A-Z Index | Phone Book | Careers

InTheLoop | 01.23.2012

January 23, 2012

ESnet/Internet2 Joint Techs Conference This Week

The Winter 2012 Joint Techs conference, the premier international conference of network engineers, will focus on software-defined networking (SDN), cloud computing, emerging technologies, and infrastructure support for data-intensive science. The meeting, co-sponsored by the ESnet Site Coordinating Committee (ESCC) and Internet2, is being held Sunday, Jan. 22, through Thursday, Jan. 26, in Baton Rouge, Louisiana, hosted by the Louisiana Optical Network Initiative (LONI).

Mike McPherson of the University of Virginia and Mike Bennett of Lawrence Berkeley National Laboratory will lead the discussions on cloud computing and emerging technologies on Monday, Jan. 23. Steve Corbato of the University of Utah and Eli Dart from ESnet will chair the sessions on infrastructure support for data-intensive science on Tuesday, Jan. 24. Matt Davy from Indiana University and Jason Lee from NERSC will lead the software-defined networking meetings on Wednesday, Jan. 25.

Other Berkeley Lab contributions include:

  • Eli Dart and Brian Tierney: Achieving a Science “DMZ”
  • Chris Tracy: 100G Deployment — Challenges & Lessons Learned from the ANI Prototype and SC11
  • Chin Guok, Evangelos Chaniotakis, and Eric Pouyoul (contributors): ARCHSTONE: Intelligent Network Services for Advanced Application Workflows
  • Chin Guok: Evolution of OSCARS
  • Gary Jung: Bootstrapping Institutional Capability
  • Eli Dart and Brent Draney: National Laboratory Success Stories
  • Gregory Bell: ESnet Update

In addition, tutorials will be held on constructing an OpenFlow network, installing equipment in a Colocation/Telco facility, and building a successful infrastructure to support data intensive science. On January 25 and 26, following the Joint Techs meeting, the ESCC will holds its semi-annual meeting of its members, providing a technical forum that helps establish community practices to ensure the smooth operation of the ESnet-connected sites.

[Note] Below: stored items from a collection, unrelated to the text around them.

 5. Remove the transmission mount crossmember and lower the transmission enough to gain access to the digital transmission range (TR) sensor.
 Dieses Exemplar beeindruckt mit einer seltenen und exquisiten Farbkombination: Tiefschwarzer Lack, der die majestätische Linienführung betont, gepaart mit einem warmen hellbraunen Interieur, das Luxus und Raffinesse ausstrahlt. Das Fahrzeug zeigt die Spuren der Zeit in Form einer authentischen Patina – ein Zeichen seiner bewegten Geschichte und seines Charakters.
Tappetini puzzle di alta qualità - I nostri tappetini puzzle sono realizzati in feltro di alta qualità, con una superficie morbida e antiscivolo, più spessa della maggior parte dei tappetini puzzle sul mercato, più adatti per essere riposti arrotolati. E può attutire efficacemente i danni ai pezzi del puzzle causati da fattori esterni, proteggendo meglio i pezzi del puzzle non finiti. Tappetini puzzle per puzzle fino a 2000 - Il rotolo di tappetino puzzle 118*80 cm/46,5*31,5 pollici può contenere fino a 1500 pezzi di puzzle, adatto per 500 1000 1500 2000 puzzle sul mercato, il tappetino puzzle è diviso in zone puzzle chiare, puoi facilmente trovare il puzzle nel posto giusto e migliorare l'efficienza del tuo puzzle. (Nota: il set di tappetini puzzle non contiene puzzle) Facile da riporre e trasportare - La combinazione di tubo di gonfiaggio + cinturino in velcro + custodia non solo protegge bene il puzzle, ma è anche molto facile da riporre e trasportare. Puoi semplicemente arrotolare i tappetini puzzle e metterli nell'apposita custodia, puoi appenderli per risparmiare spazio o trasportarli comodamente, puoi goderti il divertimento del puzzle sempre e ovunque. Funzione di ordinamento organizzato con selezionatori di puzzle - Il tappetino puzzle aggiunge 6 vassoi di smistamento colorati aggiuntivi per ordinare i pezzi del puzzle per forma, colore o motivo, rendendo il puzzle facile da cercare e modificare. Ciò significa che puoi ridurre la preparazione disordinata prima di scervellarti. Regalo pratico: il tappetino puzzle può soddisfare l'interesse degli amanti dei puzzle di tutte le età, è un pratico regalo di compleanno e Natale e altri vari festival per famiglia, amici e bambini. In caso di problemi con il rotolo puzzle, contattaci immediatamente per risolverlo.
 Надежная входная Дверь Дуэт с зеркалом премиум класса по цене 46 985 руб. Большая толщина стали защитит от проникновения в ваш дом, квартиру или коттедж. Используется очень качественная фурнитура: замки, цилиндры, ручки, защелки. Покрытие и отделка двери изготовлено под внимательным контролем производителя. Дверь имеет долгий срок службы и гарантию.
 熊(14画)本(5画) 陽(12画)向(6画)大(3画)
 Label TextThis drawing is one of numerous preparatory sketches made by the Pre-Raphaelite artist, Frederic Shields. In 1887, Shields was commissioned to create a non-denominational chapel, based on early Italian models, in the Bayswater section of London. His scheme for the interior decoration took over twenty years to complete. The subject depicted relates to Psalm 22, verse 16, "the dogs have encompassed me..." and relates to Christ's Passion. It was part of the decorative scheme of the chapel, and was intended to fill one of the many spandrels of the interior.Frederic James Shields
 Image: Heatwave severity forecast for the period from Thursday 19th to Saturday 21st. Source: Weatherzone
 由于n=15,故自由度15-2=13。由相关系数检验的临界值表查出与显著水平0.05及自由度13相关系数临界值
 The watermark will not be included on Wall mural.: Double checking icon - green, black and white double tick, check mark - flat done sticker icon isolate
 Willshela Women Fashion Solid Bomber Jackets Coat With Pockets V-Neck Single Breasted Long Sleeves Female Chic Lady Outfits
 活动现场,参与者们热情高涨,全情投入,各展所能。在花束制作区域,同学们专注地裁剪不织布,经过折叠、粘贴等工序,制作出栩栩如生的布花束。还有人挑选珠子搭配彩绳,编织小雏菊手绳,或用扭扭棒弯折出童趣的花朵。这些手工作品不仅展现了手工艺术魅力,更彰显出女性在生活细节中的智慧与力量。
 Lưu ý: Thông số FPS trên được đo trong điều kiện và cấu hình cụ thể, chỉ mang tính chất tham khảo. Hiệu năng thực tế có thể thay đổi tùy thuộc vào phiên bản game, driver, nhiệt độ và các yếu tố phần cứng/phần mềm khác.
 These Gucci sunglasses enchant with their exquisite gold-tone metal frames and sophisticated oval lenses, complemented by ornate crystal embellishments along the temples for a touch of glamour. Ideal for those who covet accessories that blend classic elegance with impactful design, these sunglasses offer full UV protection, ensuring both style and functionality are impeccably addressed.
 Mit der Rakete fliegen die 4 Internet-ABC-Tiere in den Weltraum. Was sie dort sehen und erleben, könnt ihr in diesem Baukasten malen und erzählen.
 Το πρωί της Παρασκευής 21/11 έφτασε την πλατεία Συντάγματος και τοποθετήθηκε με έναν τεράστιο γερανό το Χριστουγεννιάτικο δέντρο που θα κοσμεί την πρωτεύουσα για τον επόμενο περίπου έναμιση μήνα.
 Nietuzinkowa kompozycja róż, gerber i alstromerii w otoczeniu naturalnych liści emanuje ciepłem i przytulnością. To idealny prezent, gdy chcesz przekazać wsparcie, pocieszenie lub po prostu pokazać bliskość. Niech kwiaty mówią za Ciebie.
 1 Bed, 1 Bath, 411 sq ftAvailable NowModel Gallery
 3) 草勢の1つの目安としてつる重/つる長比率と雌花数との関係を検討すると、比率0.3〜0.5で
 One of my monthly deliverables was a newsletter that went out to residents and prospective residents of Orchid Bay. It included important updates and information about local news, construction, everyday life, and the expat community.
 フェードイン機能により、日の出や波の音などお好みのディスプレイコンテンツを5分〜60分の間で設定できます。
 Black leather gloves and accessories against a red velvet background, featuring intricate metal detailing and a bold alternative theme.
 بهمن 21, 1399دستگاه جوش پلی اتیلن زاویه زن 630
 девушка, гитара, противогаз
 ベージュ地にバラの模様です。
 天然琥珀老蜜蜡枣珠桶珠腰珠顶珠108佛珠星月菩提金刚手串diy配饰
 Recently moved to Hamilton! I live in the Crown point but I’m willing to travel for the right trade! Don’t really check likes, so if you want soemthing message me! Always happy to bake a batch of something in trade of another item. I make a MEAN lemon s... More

A network performance workshop, Global Lambda Integrated Facility (GLIF) meeting, and NetGurus sessions will be colocated with Joint Techs during the week of the conference.

NERSC Course: Object-Oriented Programming in Fortran 2003

Registration is open for a three-day course sponsored by NERSC entitled “Object-Oriented Programming in Fortran 2003” to be held on the UC Berkeley campus March 26–28, 2012. The course is being taught by Damian Rouson and Karla Morris from Sandia National Laboratories.

Registration is required, but there is no charge for the event. The course is limited to the first 30 to sign up here. This is a local event only; no remote broadcast is planned.

Fortran 2003 explicitly supports object-oriented programming (OOP). OOP aims to increase a program’s maintainability, in part by reducing cross-module data dependencies, and to increase a program’s reusability, in part by providing for extensible derived types. Emerging compiler support for Fortran 2003 inspires a more modern program design and implementation style. This course provides the requisite skills. Day 1 introduces OOP in Fortran 2003. Day 2 introduces patterns of best practice in program organization. Day 3 explores several paths toward parallel OOP. Examples will utilize introductory-level numerical algorithms from linear algebra and differential equations inspired by multiphysics modeling, that is, coupled field problems common to many interdisciplinary, engineering, and physical science simulations.

This Week’s Computing Sciences Seminars

Z-numbers—A New Direction in the Analysis of Uncertain and Imprecise Systems
Monday, January 23, 3:30-5:00 pm, 3108 Etcheverry Hall, UC Berkeley
Lotfi A. Zadeh, Director, Berkeley Initiative in Soft Computing (BISC)

Decisions are based on information. To be useful, information must be reliable. Basically, the concept of a Z-number relates to the issue of reliability of information. A Z-number, Z, has two components, Z=(A,B). The first component, A, is a restriction (constraint) on the values which a real-valued uncertain variable, X, is allowed to take. The second component, B, is a measure of reliability (certainty) of the first component. Typically, A and B are described in a natural language. Example: (about 45 minutes, very sure). An important issue relates to computation with Z-numbers. Examples: What is the sum of (about 45 minutes, very sure) and (about 30 minutes, sure)? What is the square root of (approximately 100, likely)? Computation with Z-numbers falls within the province of Computing with Words (CW or CWW). In this lecture, the concept of a Z-number is introduced and methods of computation with Z-numbers are outlined. The concept of a Z-number has a potential for many applications, especially in the realms of economics, decision analysis, risk assessment, prediction, anticipation, rule-based characterization of imprecise functions and relations and biomedicine.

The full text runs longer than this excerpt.